## EXERCISE AIM
All records shown below should be given again, character for character.

====== INFORMATION GIVEN ======

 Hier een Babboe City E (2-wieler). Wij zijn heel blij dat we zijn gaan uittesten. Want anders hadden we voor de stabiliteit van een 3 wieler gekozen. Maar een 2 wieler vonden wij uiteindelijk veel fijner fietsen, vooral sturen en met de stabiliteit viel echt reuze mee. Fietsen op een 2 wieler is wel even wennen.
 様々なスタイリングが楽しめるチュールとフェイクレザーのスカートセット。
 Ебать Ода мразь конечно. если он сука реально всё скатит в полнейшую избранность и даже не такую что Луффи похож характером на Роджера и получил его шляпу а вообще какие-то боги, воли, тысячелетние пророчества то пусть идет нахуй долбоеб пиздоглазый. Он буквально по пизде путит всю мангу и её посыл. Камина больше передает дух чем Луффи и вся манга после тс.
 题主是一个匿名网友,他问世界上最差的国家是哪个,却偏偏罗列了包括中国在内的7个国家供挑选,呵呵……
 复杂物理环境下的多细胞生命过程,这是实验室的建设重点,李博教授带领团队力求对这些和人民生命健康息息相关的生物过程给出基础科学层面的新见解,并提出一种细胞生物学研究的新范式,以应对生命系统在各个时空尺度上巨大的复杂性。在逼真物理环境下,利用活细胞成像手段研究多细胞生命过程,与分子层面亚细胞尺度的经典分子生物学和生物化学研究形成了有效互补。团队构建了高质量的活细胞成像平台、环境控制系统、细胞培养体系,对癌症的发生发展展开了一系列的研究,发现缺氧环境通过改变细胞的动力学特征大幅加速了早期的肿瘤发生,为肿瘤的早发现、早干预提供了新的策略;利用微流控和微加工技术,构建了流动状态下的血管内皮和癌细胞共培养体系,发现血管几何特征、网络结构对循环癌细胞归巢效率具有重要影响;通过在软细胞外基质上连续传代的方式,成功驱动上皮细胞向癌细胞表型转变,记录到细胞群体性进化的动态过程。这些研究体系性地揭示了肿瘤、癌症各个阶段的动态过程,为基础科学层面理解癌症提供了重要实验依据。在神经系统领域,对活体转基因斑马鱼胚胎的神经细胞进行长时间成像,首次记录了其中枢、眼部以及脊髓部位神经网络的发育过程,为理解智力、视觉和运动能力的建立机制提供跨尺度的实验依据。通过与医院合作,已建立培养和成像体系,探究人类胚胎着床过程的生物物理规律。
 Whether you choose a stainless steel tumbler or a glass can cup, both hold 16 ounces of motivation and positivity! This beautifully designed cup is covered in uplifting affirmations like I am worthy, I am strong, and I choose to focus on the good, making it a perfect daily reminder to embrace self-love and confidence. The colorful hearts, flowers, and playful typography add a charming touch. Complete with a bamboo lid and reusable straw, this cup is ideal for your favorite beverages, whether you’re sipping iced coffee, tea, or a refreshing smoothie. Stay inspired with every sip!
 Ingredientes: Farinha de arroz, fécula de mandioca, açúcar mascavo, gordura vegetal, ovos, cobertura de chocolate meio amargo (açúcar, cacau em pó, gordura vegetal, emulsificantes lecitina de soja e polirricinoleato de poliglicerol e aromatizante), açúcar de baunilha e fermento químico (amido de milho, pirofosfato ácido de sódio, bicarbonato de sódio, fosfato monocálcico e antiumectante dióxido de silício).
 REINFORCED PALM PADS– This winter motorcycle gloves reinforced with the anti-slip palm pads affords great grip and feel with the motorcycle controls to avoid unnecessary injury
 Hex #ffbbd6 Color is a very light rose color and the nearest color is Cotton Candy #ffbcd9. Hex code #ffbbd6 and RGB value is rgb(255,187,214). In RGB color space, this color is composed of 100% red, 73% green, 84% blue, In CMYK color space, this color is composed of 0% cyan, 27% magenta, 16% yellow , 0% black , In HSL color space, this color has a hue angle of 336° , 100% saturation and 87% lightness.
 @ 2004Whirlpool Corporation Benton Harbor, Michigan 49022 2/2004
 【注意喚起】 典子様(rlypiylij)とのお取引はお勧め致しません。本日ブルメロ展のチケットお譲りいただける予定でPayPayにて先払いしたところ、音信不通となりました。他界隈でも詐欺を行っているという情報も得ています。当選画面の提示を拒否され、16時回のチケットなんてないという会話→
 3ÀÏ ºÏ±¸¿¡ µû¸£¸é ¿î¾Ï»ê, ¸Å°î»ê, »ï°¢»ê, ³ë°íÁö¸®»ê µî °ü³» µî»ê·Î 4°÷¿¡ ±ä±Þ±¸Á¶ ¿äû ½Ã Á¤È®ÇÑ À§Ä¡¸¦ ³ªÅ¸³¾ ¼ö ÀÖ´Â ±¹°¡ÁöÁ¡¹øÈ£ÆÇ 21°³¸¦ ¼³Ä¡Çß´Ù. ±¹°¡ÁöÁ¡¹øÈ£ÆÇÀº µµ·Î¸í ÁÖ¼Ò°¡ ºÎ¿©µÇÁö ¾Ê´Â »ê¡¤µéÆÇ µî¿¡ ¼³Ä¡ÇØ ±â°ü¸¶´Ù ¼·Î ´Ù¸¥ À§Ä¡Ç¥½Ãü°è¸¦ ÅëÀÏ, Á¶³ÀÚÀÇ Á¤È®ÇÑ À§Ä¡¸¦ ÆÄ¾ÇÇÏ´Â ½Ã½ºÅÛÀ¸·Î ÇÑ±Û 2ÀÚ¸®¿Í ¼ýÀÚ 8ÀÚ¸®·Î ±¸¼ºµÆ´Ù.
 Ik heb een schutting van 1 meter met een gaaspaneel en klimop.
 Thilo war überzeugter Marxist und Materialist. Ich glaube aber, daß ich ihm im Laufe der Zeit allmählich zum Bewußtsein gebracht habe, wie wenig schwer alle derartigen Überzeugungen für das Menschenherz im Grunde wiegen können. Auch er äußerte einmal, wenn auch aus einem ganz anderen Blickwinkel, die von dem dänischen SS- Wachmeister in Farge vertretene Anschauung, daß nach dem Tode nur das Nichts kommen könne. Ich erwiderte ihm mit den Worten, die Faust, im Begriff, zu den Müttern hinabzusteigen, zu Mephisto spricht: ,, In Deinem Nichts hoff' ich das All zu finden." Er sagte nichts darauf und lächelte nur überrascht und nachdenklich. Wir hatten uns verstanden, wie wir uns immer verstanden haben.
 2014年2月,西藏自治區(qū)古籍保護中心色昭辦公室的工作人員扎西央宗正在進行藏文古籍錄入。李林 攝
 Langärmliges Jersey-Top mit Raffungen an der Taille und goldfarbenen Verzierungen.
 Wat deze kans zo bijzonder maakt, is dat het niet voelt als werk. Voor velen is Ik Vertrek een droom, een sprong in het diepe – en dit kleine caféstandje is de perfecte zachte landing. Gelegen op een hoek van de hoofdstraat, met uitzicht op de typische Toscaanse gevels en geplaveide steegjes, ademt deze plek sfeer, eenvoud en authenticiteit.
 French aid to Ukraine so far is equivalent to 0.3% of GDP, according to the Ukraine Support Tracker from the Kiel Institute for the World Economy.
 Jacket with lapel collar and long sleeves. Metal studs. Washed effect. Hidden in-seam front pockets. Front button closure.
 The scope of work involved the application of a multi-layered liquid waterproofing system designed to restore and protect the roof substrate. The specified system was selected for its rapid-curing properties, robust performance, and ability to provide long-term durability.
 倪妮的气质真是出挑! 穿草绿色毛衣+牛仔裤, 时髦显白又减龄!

======

## EXPECTED ANSWER
 Hier een Babboe City E (2-wieler). Wij zijn heel blij dat we zijn gaan uittesten. Want anders hadden we voor de stabiliteit van een 3 wieler gekozen. Maar een 2 wieler vonden wij uiteindelijk veel fijner fietsen, vooral sturen en met de stabiliteit viel echt reuze mee. Fietsen op een 2 wieler is wel even wennen.
 様々なスタイリングが楽しめるチュールとフェイクレザーのスカートセット。
 Ебать Ода мразь конечно. если он сука реально всё скатит в полнейшую избранность и даже не такую что Луффи похож характером на Роджера и получил его шляпу а вообще какие-то боги, воли, тысячелетние пророчества то пусть идет нахуй долбоеб пиздоглазый. Он буквально по пизде путит всю мангу и её посыл. Камина больше передает дух чем Луффи и вся манга после тс.
 题主是一个匿名网友,他问世界上最差的国家是哪个,却偏偏罗列了包括中国在内的7个国家供挑选,呵呵……
 复杂物理环境下的多细胞生命过程,这是实验室的建设重点,李博教授带领团队力求对这些和人民生命健康息息相关的生物过程给出基础科学层面的新见解,并提出一种细胞生物学研究的新范式,以应对生命系统在各个时空尺度上巨大的复杂性。在逼真物理环境下,利用活细胞成像手段研究多细胞生命过程,与分子层面亚细胞尺度的经典分子生物学和生物化学研究形成了有效互补。团队构建了高质量的活细胞成像平台、环境控制系统、细胞培养体系,对癌症的发生发展展开了一系列的研究,发现缺氧环境通过改变细胞的动力学特征大幅加速了早期的肿瘤发生,为肿瘤的早发现、早干预提供了新的策略;利用微流控和微加工技术,构建了流动状态下的血管内皮和癌细胞共培养体系,发现血管几何特征、网络结构对循环癌细胞归巢效率具有重要影响;通过在软细胞外基质上连续传代的方式,成功驱动上皮细胞向癌细胞表型转变,记录到细胞群体性进化的动态过程。这些研究体系性地揭示了肿瘤、癌症各个阶段的动态过程,为基础科学层面理解癌症提供了重要实验依据。在神经系统领域,对活体转基因斑马鱼胚胎的神经细胞进行长时间成像,首次记录了其中枢、眼部以及脊髓部位神经网络的发育过程,为理解智力、视觉和运动能力的建立机制提供跨尺度的实验依据。通过与医院合作,已建立培养和成像体系,探究人类胚胎着床过程的生物物理规律。
 Whether you choose a stainless steel tumbler or a glass can cup, both hold 16 ounces of motivation and positivity! This beautifully designed cup is covered in uplifting affirmations like I am worthy, I am strong, and I choose to focus on the good, making it a perfect daily reminder to embrace self-love and confidence. The colorful hearts, flowers, and playful typography add a charming touch. Complete with a bamboo lid and reusable straw, this cup is ideal for your favorite beverages, whether you’re sipping iced coffee, tea, or a refreshing smoothie. Stay inspired with every sip!
 Ingredientes: Farinha de arroz, fécula de mandioca, açúcar mascavo, gordura vegetal, ovos, cobertura de chocolate meio amargo (açúcar, cacau em pó, gordura vegetal, emulsificantes lecitina de soja e polirricinoleato de poliglicerol e aromatizante), açúcar de baunilha e fermento químico (amido de milho, pirofosfato ácido de sódio, bicarbonato de sódio, fosfato monocálcico e antiumectante dióxido de silício).
 REINFORCED PALM PADS– This winter motorcycle gloves reinforced with the anti-slip palm pads affords great grip and feel with the motorcycle controls to avoid unnecessary injury
 Hex #ffbbd6 Color is a very light rose color and the nearest color is Cotton Candy #ffbcd9. Hex code #ffbbd6 and RGB value is rgb(255,187,214). In RGB color space, this color is composed of 100% red, 73% green, 84% blue, In CMYK color space, this color is composed of 0% cyan, 27% magenta, 16% yellow , 0% black , In HSL color space, this color has a hue angle of 336° , 100% saturation and 87% lightness.
 @ 2004Whirlpool Corporation Benton Harbor, Michigan 49022 2/2004
 【注意喚起】 典子様(rlypiylij)とのお取引はお勧め致しません。本日ブルメロ展のチケットお譲りいただける予定でPayPayにて先払いしたところ、音信不通となりました。他界隈でも詐欺を行っているという情報も得ています。当選画面の提示を拒否され、16時回のチケットなんてないという会話→
 3ÀÏ ºÏ±¸¿¡ µû¸£¸é ¿î¾Ï»ê, ¸Å°î»ê, »ï°¢»ê, ³ë°íÁö¸®»ê µî °ü³» µî»ê·Î 4°÷¿¡ ±ä±Þ±¸Á¶ ¿äû ½Ã Á¤È®ÇÑ À§Ä¡¸¦ ³ªÅ¸³¾ ¼ö ÀÖ´Â ±¹°¡ÁöÁ¡¹øÈ£ÆÇ 21°³¸¦ ¼³Ä¡Çß´Ù. ±¹°¡ÁöÁ¡¹øÈ£ÆÇÀº µµ·Î¸í ÁÖ¼Ò°¡ ºÎ¿©µÇÁö ¾Ê´Â »ê¡¤µéÆÇ µî¿¡ ¼³Ä¡ÇØ ±â°ü¸¶´Ù ¼·Î ´Ù¸¥ À§Ä¡Ç¥½Ãü°è¸¦ ÅëÀÏ, Á¶³ÀÚÀÇ Á¤È®ÇÑ À§Ä¡¸¦ ÆÄ¾ÇÇÏ´Â ½Ã½ºÅÛÀ¸·Î ÇÑ±Û 2ÀÚ¸®¿Í ¼ýÀÚ 8ÀÚ¸®·Î ±¸¼ºµÆ´Ù.
 Ik heb een schutting van 1 meter met een gaaspaneel en klimop.
 Thilo war überzeugter Marxist und Materialist. Ich glaube aber, daß ich ihm im Laufe der Zeit allmählich zum Bewußtsein gebracht habe, wie wenig schwer alle derartigen Überzeugungen für das Menschenherz im Grunde wiegen können. Auch er äußerte einmal, wenn auch aus einem ganz anderen Blickwinkel, die von dem dänischen SS- Wachmeister in Farge vertretene Anschauung, daß nach dem Tode nur das Nichts kommen könne. Ich erwiderte ihm mit den Worten, die Faust, im Begriff, zu den Müttern hinabzusteigen, zu Mephisto spricht: ,, In Deinem Nichts hoff' ich das All zu finden." Er sagte nichts darauf und lächelte nur überrascht und nachdenklich. Wir hatten uns verstanden, wie wir uns immer verstanden haben.
 2014年2月,西藏自治區(qū)古籍保護中心色昭辦公室的工作人員扎西央宗正在進行藏文古籍錄入。李林 攝
 Langärmliges Jersey-Top mit Raffungen an der Taille und goldfarbenen Verzierungen.
 Wat deze kans zo bijzonder maakt, is dat het niet voelt als werk. Voor velen is Ik Vertrek een droom, een sprong in het diepe – en dit kleine caféstandje is de perfecte zachte landing. Gelegen op een hoek van de hoofdstraat, met uitzicht op de typische Toscaanse gevels en geplaveide steegjes, ademt deze plek sfeer, eenvoud en authenticiteit.
 French aid to Ukraine so far is equivalent to 0.3% of GDP, according to the Ukraine Support Tracker from the Kiel Institute for the World Economy.
 Jacket with lapel collar and long sleeves. Metal studs. Washed effect. Hidden in-seam front pockets. Front button closure.
 The scope of work involved the application of a multi-layered liquid waterproofing system designed to restore and protect the roof substrate. The specified system was selected for its rapid-curing properties, robust performance, and ability to provide long-term durability.
 倪妮的气质真是出挑! 穿草绿色毛衣+牛仔裤, 时髦显白又减龄!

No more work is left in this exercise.